== Problem to solve ==
A faithful retyping of every entry below is wanted, with images left out.

== Data to process ==
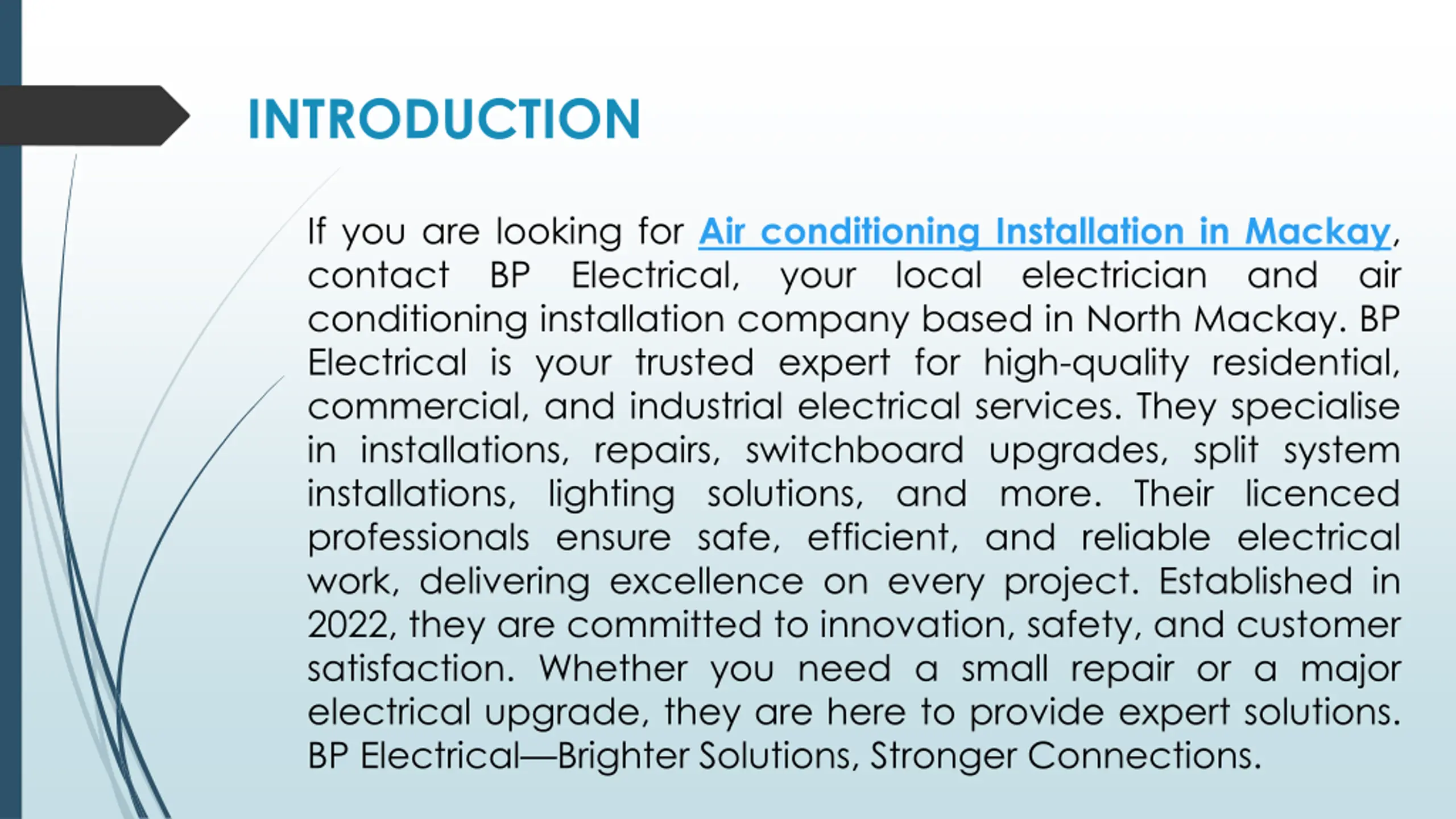 INTRODUCTION If you are looking for Air conditioning Installation in Mackay, contact BP Electrical, your local electrician and air conditioning installation company based in North Mackay. BP Electrical is your trusted expert for high-quality residential, commercial, and industrial electrical services. They specialise in installations, repairs, switchboard upgrades, split system installations, lighting solutions, and more. Their licenced professionals ensure safe, efficient, and reliable electrical work, delivering excellence on every project. Established in 2022, they are committed to innovation, safety, and customer satisfaction. Whether you need a small repair or a major electrical upgrade, they are here to provide expert solutions. BP Electrical Brighter Solutions, Stronger Connections. If you are looking for Air conditioning Installation in Mackay, contact BP Electrical, your local electrician and air conditioning installation company based in North Mackay. BP Electrical is your trusted expert for high-quality residential, commercial, and industrial electrical services. They specialise in installations, repairs, switchboard upgrades, split system installations, lighting solutions, and more. Their licenced professionals ensure safe, efficient, and reliable electrical work, delivering excellence on every project. Established in 2022, they are committed to innovation, safety, and customer satisfaction. Whether you need a small repair or a major electrical upgrade, they are here to provide expert solutions. BP Electrical Brighter Solutions, Stronger Connections.
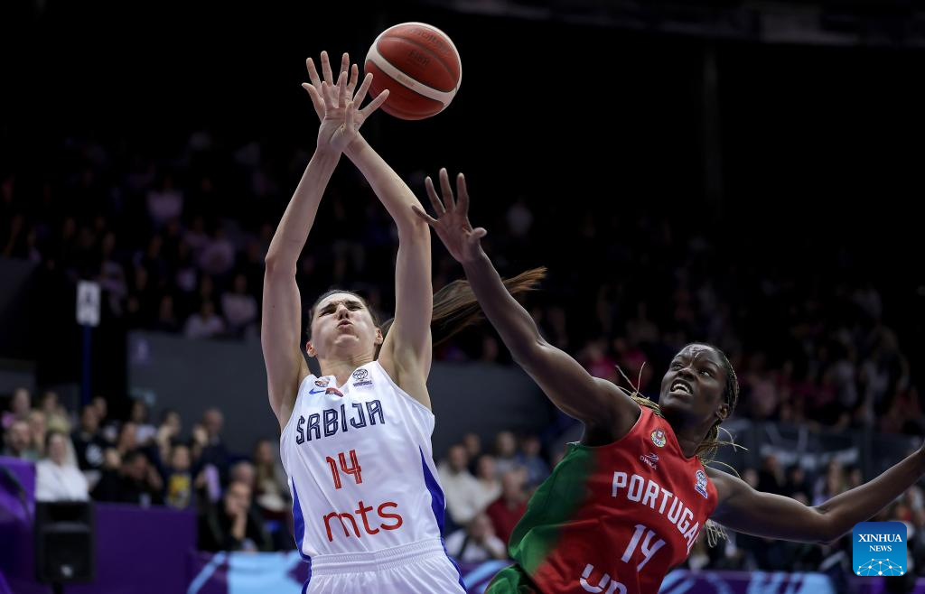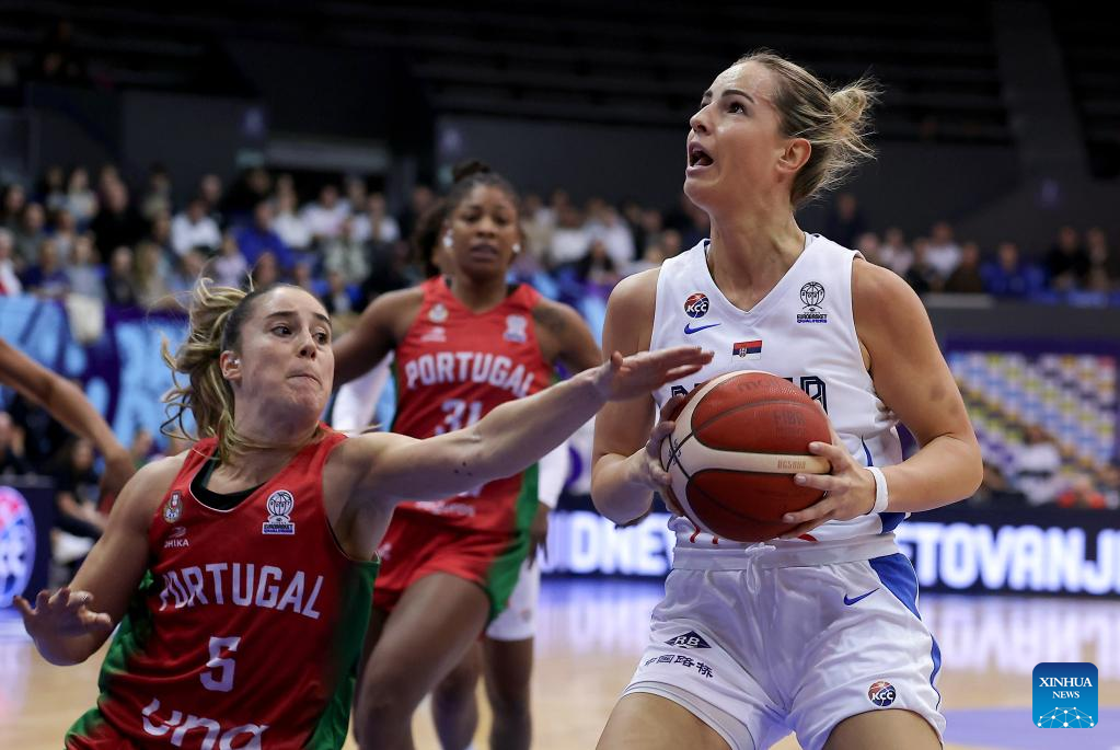 Serbia's Dragana Stankovic (L) vies with Portugal's Sofia da Silva during the FIBA Women's EuroBasket 2027 Qualifiers match between Serbia and Portugal in Belgrade, Serbia, on Nov. 15, 2025. (Photo by Predrag Milosavljevic/Xinhua)
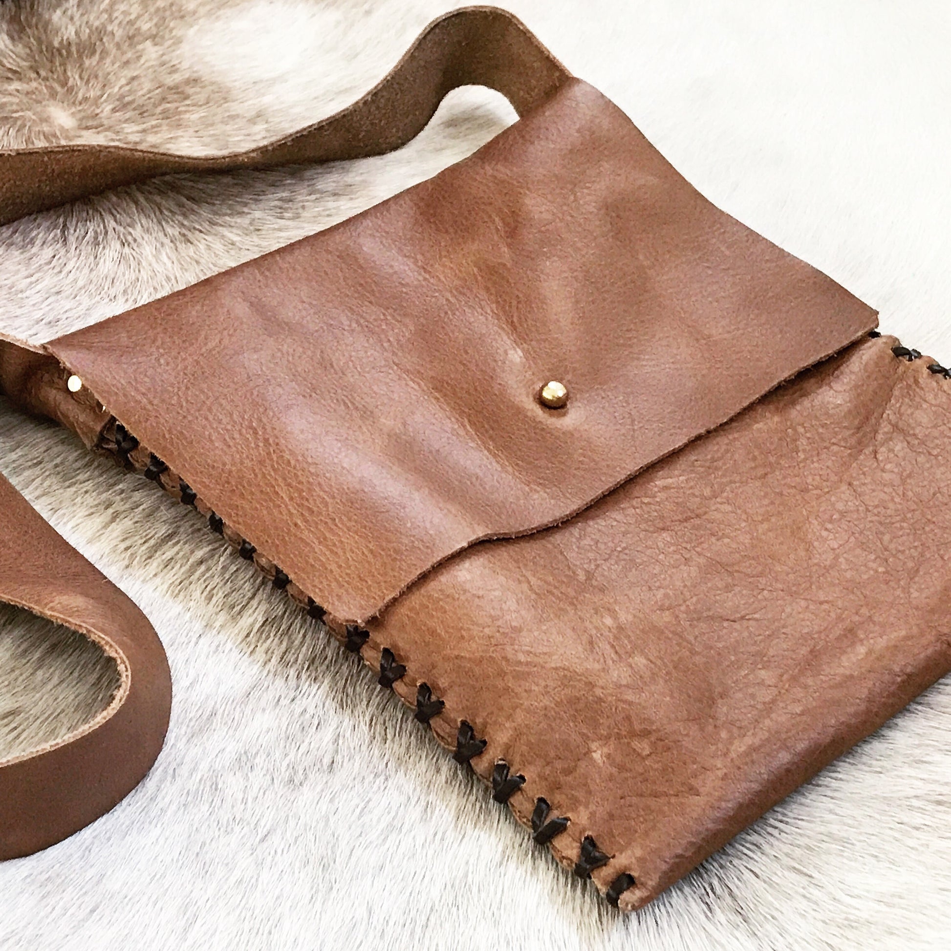 This warm toned, lightweight, slouchy leather bag is perfect for the daily essentials — 2 compartments that will hold your extra large phone, keys, glasses, wallet, lip balm. Top-grain whiskey toned leather will slightly distress + just get better + better over time. Wears so beautifully.
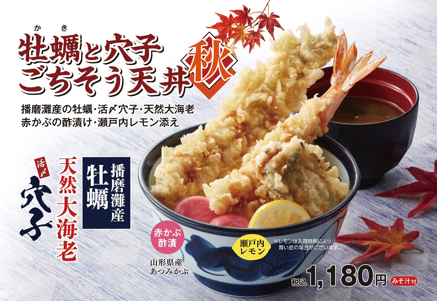 播磨灘産の牡蠣・三陸産秋刀魚・淡路島玉ねぎなど、日本の恵みの天ぷらに瀬戸内レモンを添えた『秋天丼』『ごちそう天丼』が9月21日(木)から全国の天丼てんやで販売開始
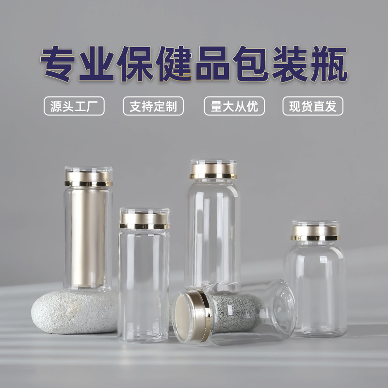 卸売透明プラスチック瓶カプセルヘルスケア製品ボトル錠剤オタネニンジンデンドロビウムアメリカ人参冬虫夏草粉末アクリルボトル
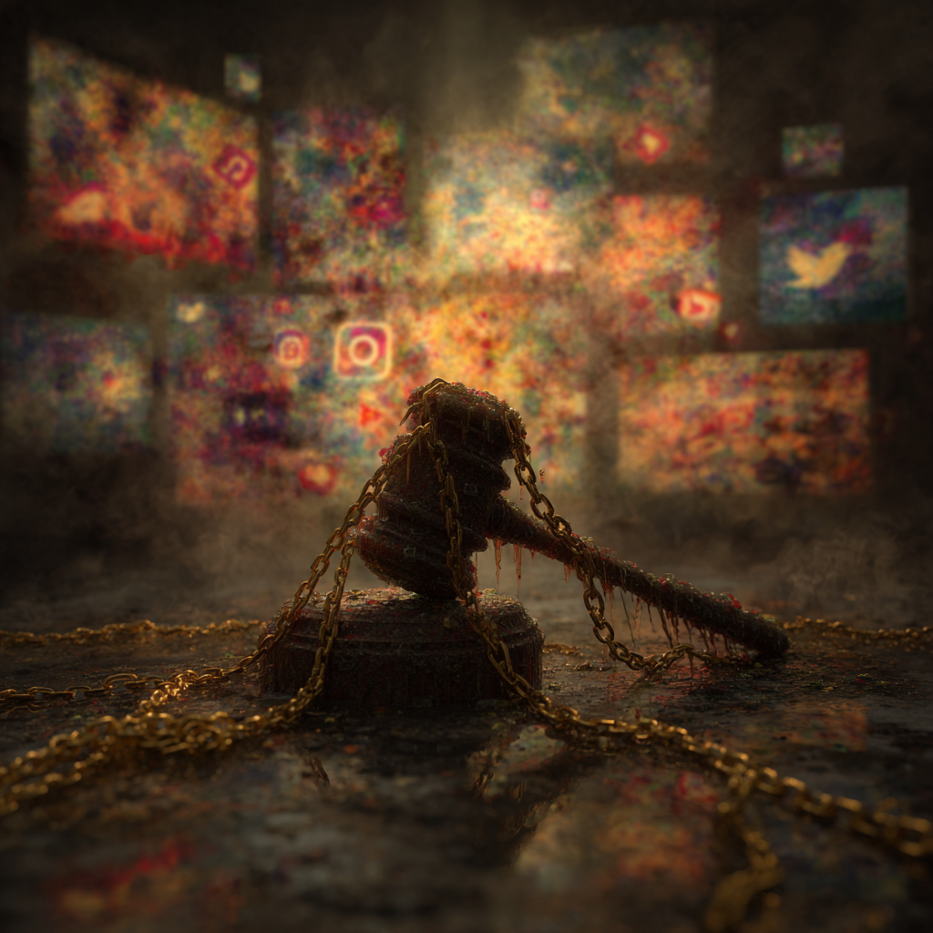 Prompt: A gavel shattered in front of screens streaming vibrant social media icons swirling into abstract childlike shapes as golden chains symbolize addiction all set against a shadowy digital metropolis
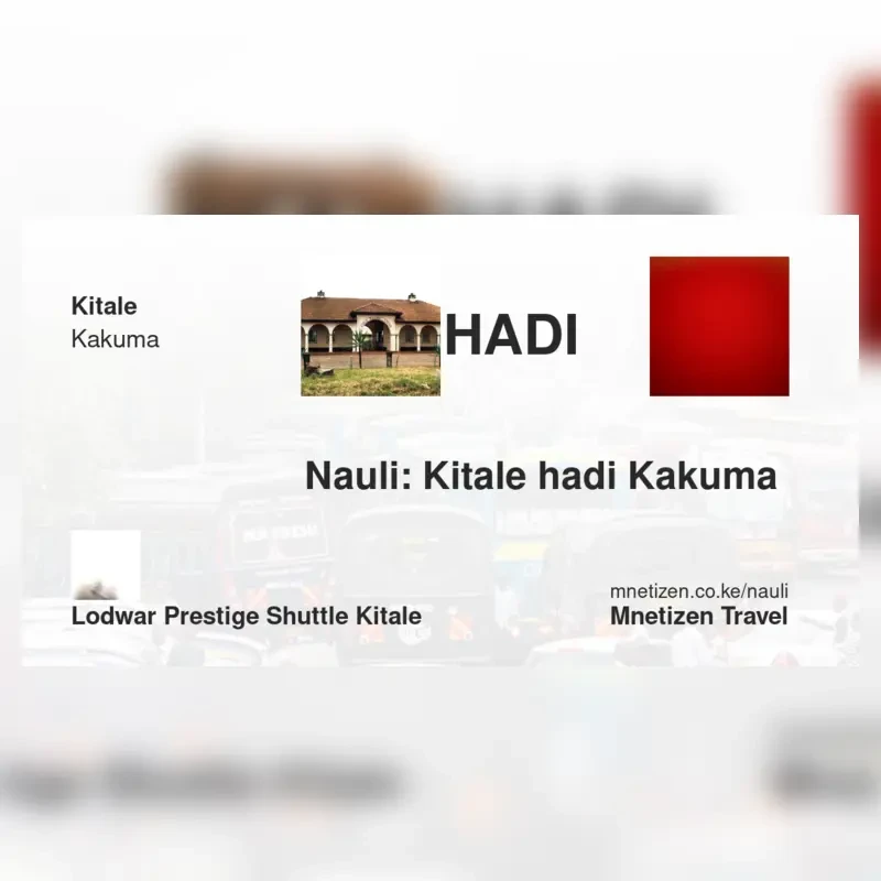 Top operators on this route include Quick Shuttle Kitale Booking Office, Tripping shuttle kitale , Lodwar Prestige shuttle kitale , Eldoret express executive kitale , Royal Rift Shuttle kitale , Lodwar Classic shuttle kitale . Check current schedules and fares.

== Solved exercise ==
 INTRODUCTION If you are looking for Air conditioning Installation in Mackay, contact BP Electrical, your local electrician and air conditioning installation company based in North Mackay. BP Electrical is your trusted expert for high-quality residential, commercial, and industrial electrical services. They specialise in installations, repairs, switchboard upgrades, split system installations, lighting solutions, and more. Their licenced professionals ensure safe, efficient, and reliable electrical work, delivering excellence on every project. Established in 2022, they are committed to innovation, safety, and customer satisfaction. Whether you need a small repair or a major electrical upgrade, they are here to provide expert solutions. BP Electrical Brighter Solutions, Stronger Connections. If you are looking for Air conditioning Installation in Mackay, contact BP Electrical, your local electrician and air conditioning installation company based in North Mackay. BP Electrical is your trusted expert for high-quality residential, commercial, and industrial electrical services. They specialise in installations, repairs, switchboard upgrades, split system installations, lighting solutions, and more. Their licenced professionals ensure safe, efficient, and reliable electrical work, delivering excellence on every project. Established in 2022, they are committed to innovation, safety, and customer satisfaction. Whether you need a small repair or a major electrical upgrade, they are here to provide expert solutions. BP Electrical Brighter Solutions, Stronger Connections.
 Serbia's Dragana Stankovic (L) vies with Portugal's Sofia da Silva during the FIBA Women's EuroBasket 2027 Qualifiers match between Serbia and Portugal in Belgrade, Serbia, on Nov. 15, 2025. (Photo by Predrag Milosavljevic/Xinhua)
 This warm toned, lightweight, slouchy leather bag is perfect for the daily essentials — 2 compartments that will hold your extra large phone, keys, glasses, wallet, lip balm. Top-grain whiskey toned leather will slightly distress + just get better + better over time. Wears so beautifully.
 播磨灘産の牡蠣・三陸産秋刀魚・淡路島玉ねぎなど、日本の恵みの天ぷらに瀬戸内レモンを添えた『秋天丼』『ごちそう天丼』が9月21日(木)から全国の天丼てんやで販売開始
 卸売透明プラスチック瓶カプセルヘルスケア製品ボトル錠剤オタネニンジンデンドロビウムアメリカ人参冬虫夏草粉末アクリルボトル
 Prompt: A gavel shattered in front of screens streaming vibrant social media icons swirling into abstract childlike shapes as golden chains symbolize addiction all set against a shadowy digital metropolis
 Top operators on this route include Quick Shuttle Kitale Booking Office, Tripping shuttle kitale , Lodwar Prestige shuttle kitale , Eldoret express executive kitale , Royal Rift Shuttle kitale , Lodwar Classic shuttle kitale . Check current schedules and fares.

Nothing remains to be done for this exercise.